2. The chip top-level structure according to claim 1, characterized in that, The isolation band is formed by the logic signal line or the quiet signal line, which is arranged between the noise signal line or the clock signal line and the sensitive signal line.
3. The chip top-level structure according to claim 2, characterized in that, The isolation strip also includes a metal shielding wire independent of the signal line, the metal shielding wire including a first shielding wire, a second shielding wire, and a third shielding wire.
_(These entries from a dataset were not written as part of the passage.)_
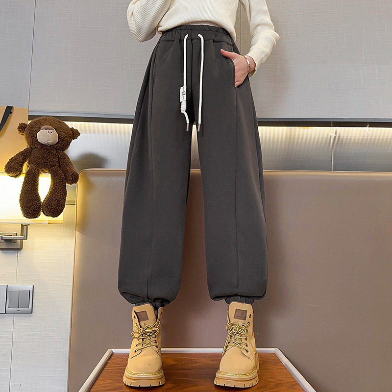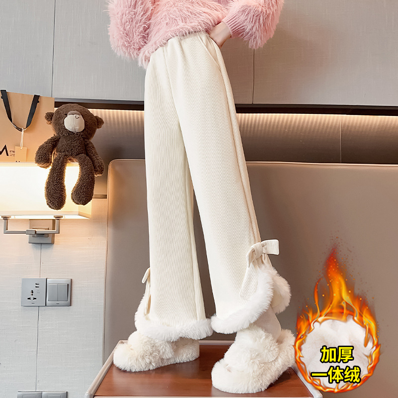 女の子のベルベットのワイドパンツ秋冬2024新サイズの子供の洋気がズボンの女の子のマイクロラッパパンツを厚くする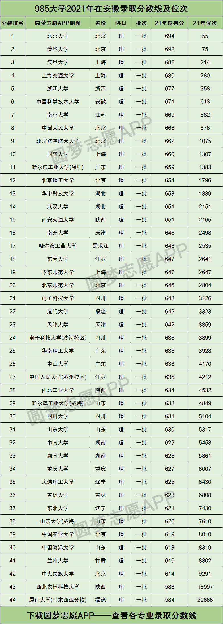 本文将为大家奉上全国所有985大学2021年在安徽省文科、理科的录取分数线及位次排名,希望能帮助安徽省内想要读985的同学成功拿到录取通知书!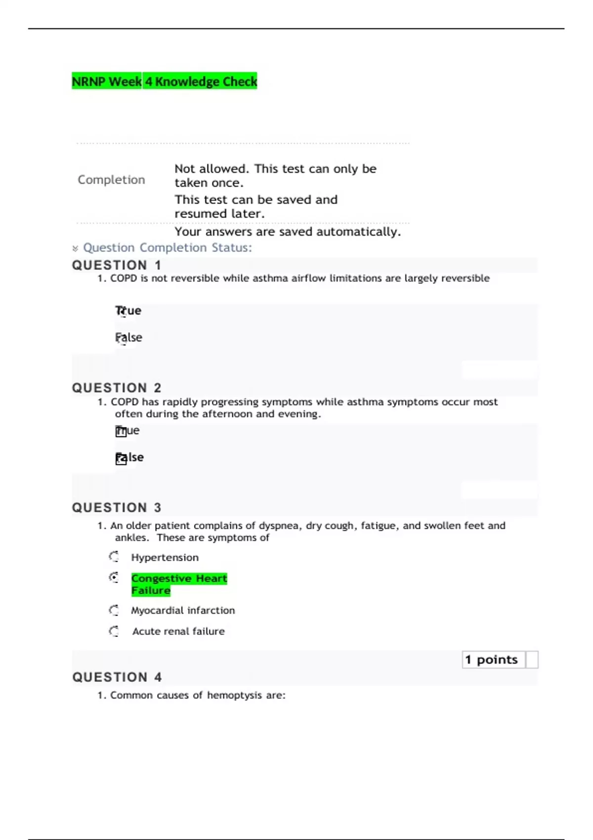 1. Question: COPD is not reversible while asthma airflow limitations are largely reversible. 2. Question: COPD has rapidly progressing symptoms while asthma symptoms occur most often during the afternoon and evening. 3. Question: An older patient complains of dyspnea, dry cough, fatigue, and swollen feet and ankles. These are symptoms of: 4. Question: Common causes of hemoptysis are: 5. Question: Normal pulse oximetry for 18-year-old is ___________. 6. Question: How would you interpret this EKG? 7. Question: All are a risk factor for COPD except: 8. Question: What is the most common imaging study ordered for screening and initial confirmation of an abdominal aortic aneurysm? 9. Question: In patients with hypertension, salt should be restricted to a maximum of grams per day. 10. Question: How would you interpret this EKG?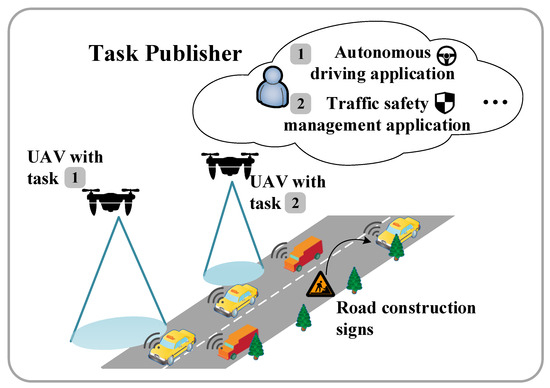 We consider an application scenario that consists of task publishers, a fleet of UAVs, and VUs, as illustrated in Figure 1.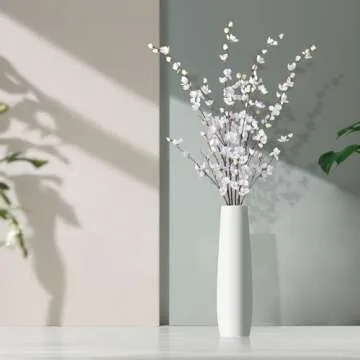 Ammyoo Artificial Faux Plants Flowers Indoor Spring Summer Decor, 4 Bundles Fake Silk Plum Blossom,Faux Silk Cherry Blossom Branches for Wedding Office Party Hotel Home Decor, Vase Not Included(White)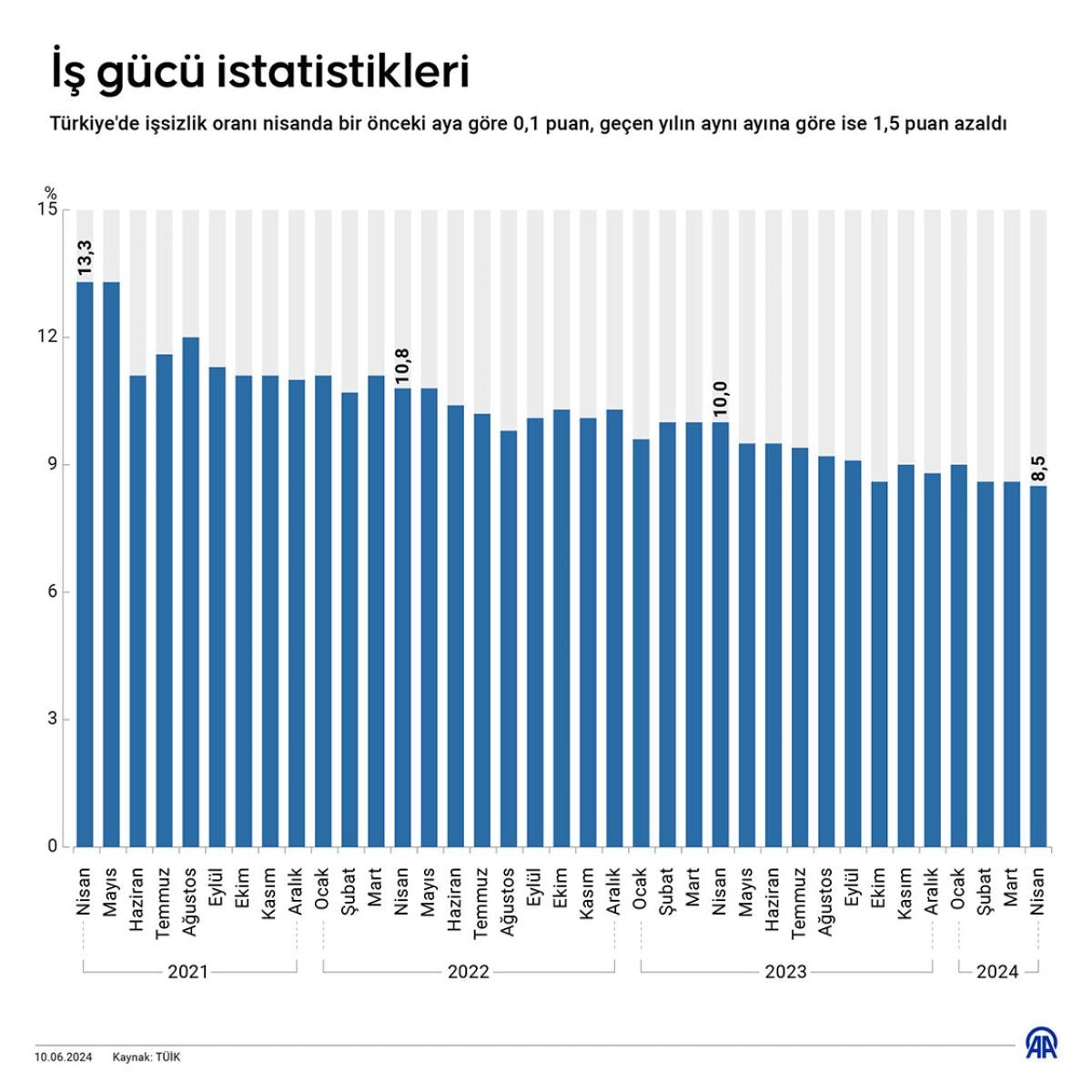 Işıkhan, son 12 aydır tekli hanelerde gerçekleşen işsizlik oranının, bir önceki aya göre 0,1 puan azalış ile yüzde 8,5 seviyesinde gerçekleştiğini belirterek, şu bilgileri verdi: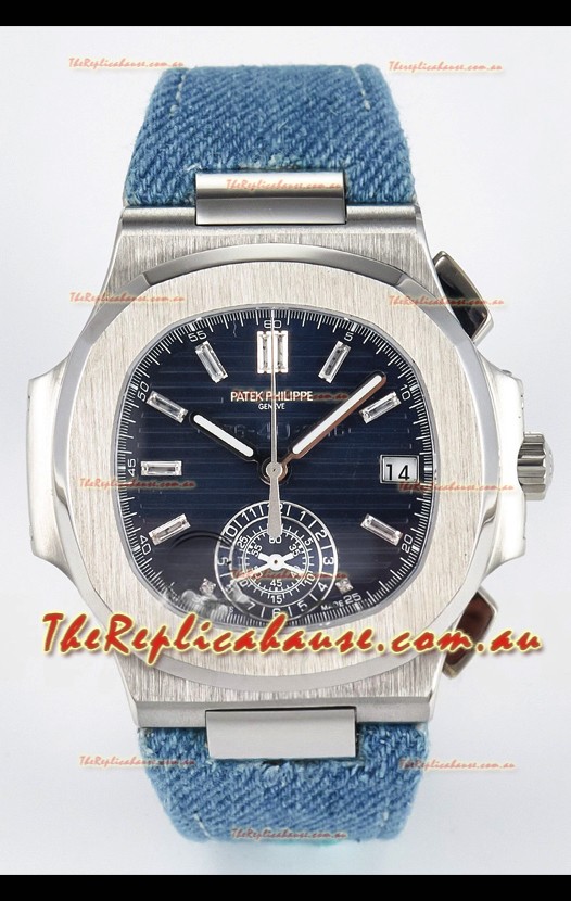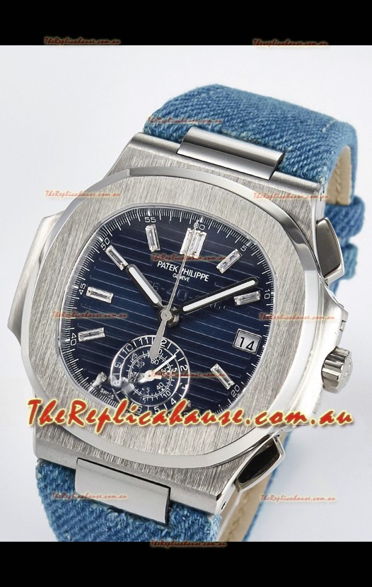 Patek Philippe Nautilus 5980/60G-001 Blue Dial Fabric Strap Crystal Numerals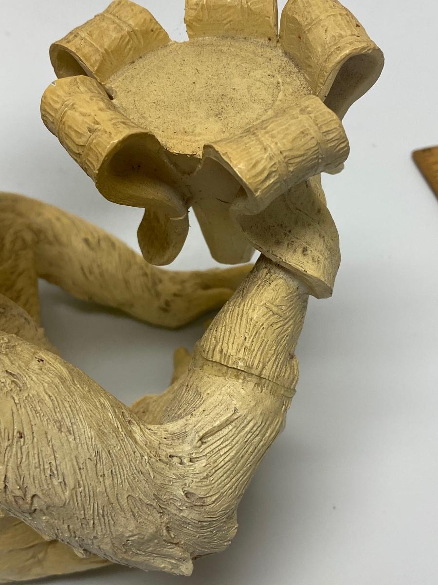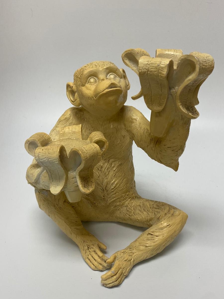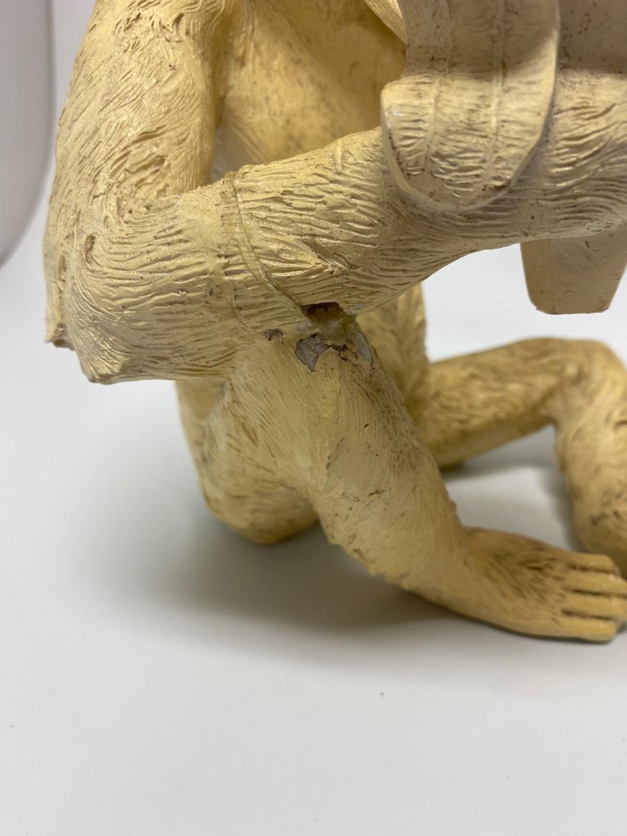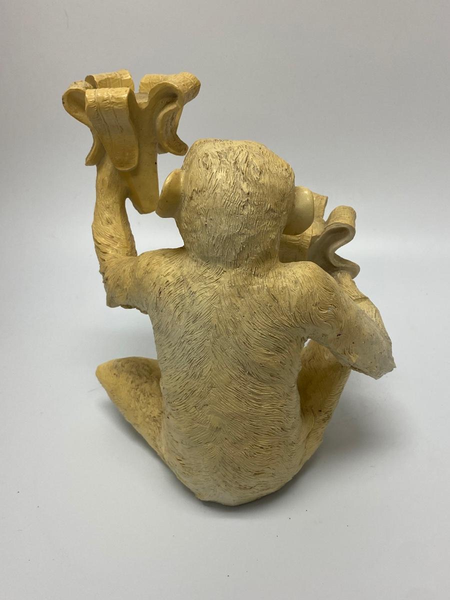 Resin monkey holding peeled bananas garden yard art. Great for candles or light orbs. Sturdy, put in yard or on patio. One arm has been repaired but wouldn't be all to noticeable when displayed. About 10" tall.

The first shielding line extends continuously along the edge of the first wiring area away from the second wiring area, the second shielding line is located at the boundary between the first wiring area and the second wiring area and extends continuously, and the third shielding line extends continuously along the edge of the second wiring area away from the first wiring area, so that the first wiring area and the second wiring area are each sandwiched between two adjacent shielding lines.
4. The chip top-level structure according to claim 3, characterized in that, The width of the metal shielding wire is equal to the width of the adjacent signal wire.
5. The chip top-level structure according to claim 3, characterized in that, The metal shielding wire is made of at least one of aluminum, copper, or an aluminum-copper alloy.
6. The chip top-level structure according to claim 1, characterized in that, Also includes: Multiple connecting lines perpendicular to the multiple signal lines, each connecting line having one end connected to one of the multiple signal lines through a through-hole, and the other end connected to a pin of the same functional category in the multiple chip modules.